Lifestyle
Life Coach
Get some “good” support – and offer some in return
We’ve all heard the phase “a problem shared is a problem halved” and many times this is true – simply talking about your issues with friends, family or professional support can go a long way to start to tackle the issue. Not everyone can supply “good” support though. Although they have the best intentions, family, friends and acquaintances can sometimes leave you feeling un-heard and worse than you did before the conversation. In this article, I want to have a look at some of the less-than-perfect responses that you might get when you try to talk to someone, and how you can avoid the same mistakes when they are trying to talk to you.
Let’s have a look at an example. You are not sleeping well and are becoming really fatigued. You want to talk through your concerns and so have gone to a friend to talk it over. Some of the un-helpful responses that you might get include:

“My problem’s bigger than your problem”
For example, if you tell them you can only sleep five hours a night, they say that they can only sleep for four. They try to empathise but ignore your problem because theirs is bigger. They believe that saying that they have the same problem will help you. In some cases it can help to know that others have the same issues, but not if you end up feeling up-staged.

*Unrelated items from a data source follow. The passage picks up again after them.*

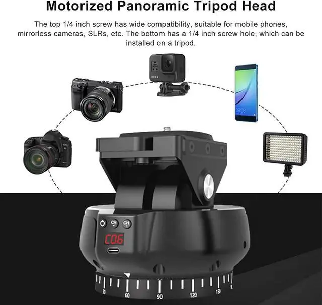 WIDE RANGE OF FUNCTIONS: With 3.5 mm shutter release interface, support AB point positioning shooting, time lapse shooting, intelligent automatic shooting mode, panoramic shooting. ^^ PHONE CLIP AND TPYE C CHARGING: Equipped with a mobile phone clip, the clamping range is 69.5 cm, and it supports horizontal and vertical shooting, 360 rotation shooting. Tpye C charging interface, built in 2000mah large capacity rechargeable battery. With a maximum load of 1Kg.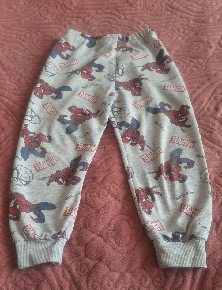 Gri renkli, örme bel ve paça manşetli, bol kesim pamuklu eşofman altı. Spider-Man ve Marvel baskılarıyla sokak modasına uygun.Küçük bi defosu fotoğraflarda mevcuttur.O yüzden fiyati uygundur.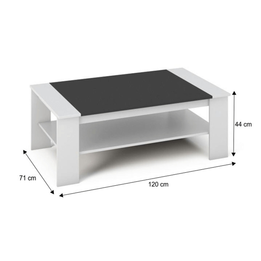 Dohányzóasztal BAKER Anyag: laminált DTD/ABS élek Változat: fehér/fekete Méretek (SzéxMéxMa): 120x71x44 cm Szállítás szétszerelve.

“You call that a problem? Try mine...”
For example, if you tell them you can only sleep five hours a night, they say that they get terrible pain in their feet. They see their painful feet as more important than your lack of sleep. In fact, they think you are lucky that you don’t have these terrible pains. They really want to talk about their issues, not yours.
“That’s really awful. You must be feeling so down. You don’t look well at all....”
After you tell them your problem, they are genuinely sympathetic but drag you down so that you feel worse than you were before! They agree that you have got a problem but then over dramatise it. They point out the problems that you might have due to lack of sleep and make you aware of things that you weren’t even worrying about before. Rather than listening to your concerns about the issue, they are seeing your issue from their perspective.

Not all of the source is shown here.